Buchmessen-Strecke: Die fette Nummer


Speed-Dating für Bücher in Halle 6: Hier, in der gemütlichen Atmosphäre des Agents‘ Centre kommen sich Programmverantwortliche und Agenten schnell näher. Hier wird all das ausgeheckt, was Übersetzer später übersetzen und Sie lesen müssen.
(Alle Bilder: Geolog)


Der Branche geht es schlecht — wieder mal. Allenthalben wird geklagt, nur die Agenten haben alles im Sack. Denn es gibt sie noch, wie man sieht, die richtig fetten Deals mit 7 Figuren. 7 Figuren, wie viel ist das noch mal? Vor allem: Dollars oder Euro? Blöde Frage, sogar die kaltherzigste Foreign-Rights-Bitch plädiert diesmal — statt für „real money“ — für den Euro.


Draußen vor der Messe geht es deutlich preissensibler zu. Marktwirtschaft funktioniert also doch.
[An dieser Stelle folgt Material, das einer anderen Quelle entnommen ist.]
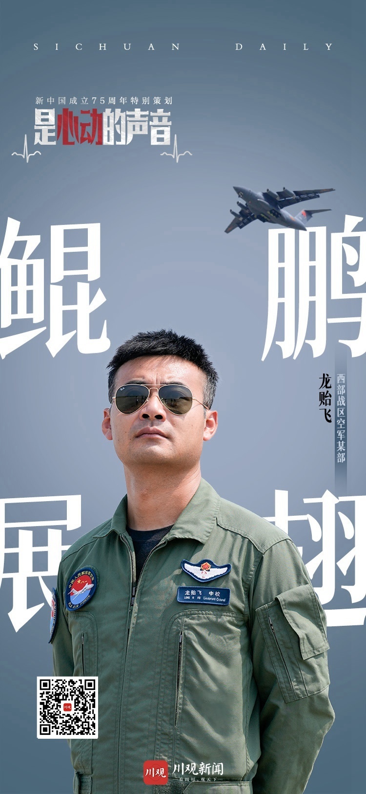 2019年秋,新中国成立70年。3架运-20和3架运-9运输机组成楔形编队,在全世界的瞩目下飞过北京天安门广场。龙贻飞驾驶着备份机,尽管没有出现在镜头之中,但他心中的激动与喜悦却与飞越天安门的战友们相同——“你就是我,我就是你,不分彼此。”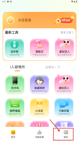 1、打開工具類應(yīng)用,點(diǎn)擊底部我的選項(xiàng),進(jìn)入個(gè)人中心頁面。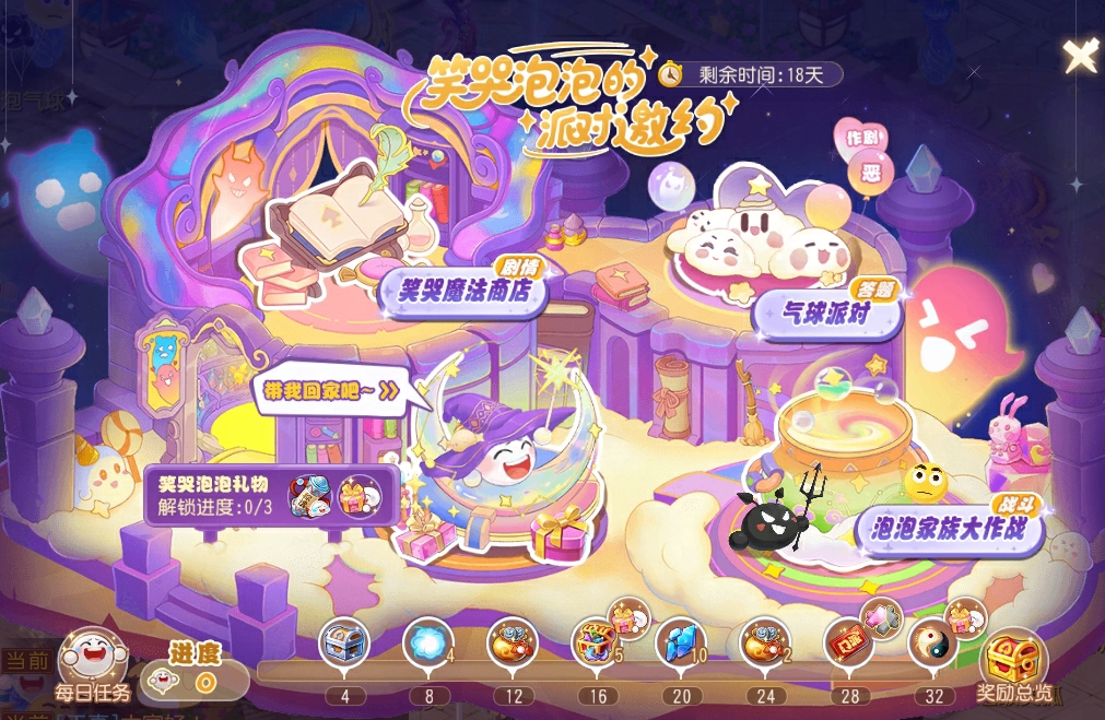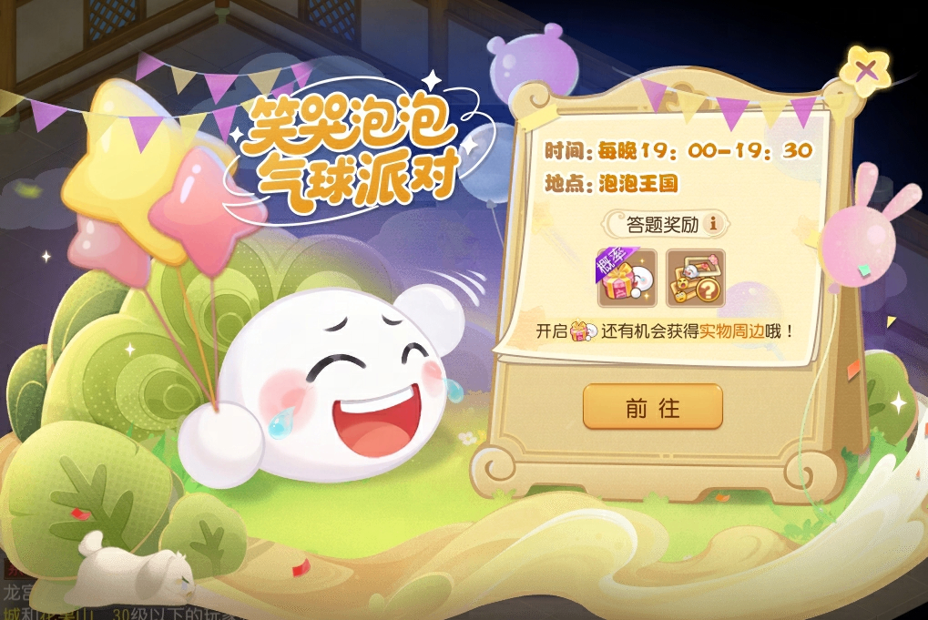 每晚来到泡泡家族的聚集地(新地图“泡泡王国一角”),参与笑哭泡泡的气球派对,答趣味表情题目,赢取精美实物周边及限时外观奖励!

Nicht ganz so billig, dafür mit Ewigkeitswert: die berühmten Steinbücher aus jurassischen Meeresablagerungen, der Messe-Souvenir-Klassiker schlechthin. Ich habe auch schon mehrere. Man kann so gut mit ihnen werfen, wenn die Katze auf den Rasen kackt. Tierschützer können aber beruhigt sein: Ich treffe so gut wie nie.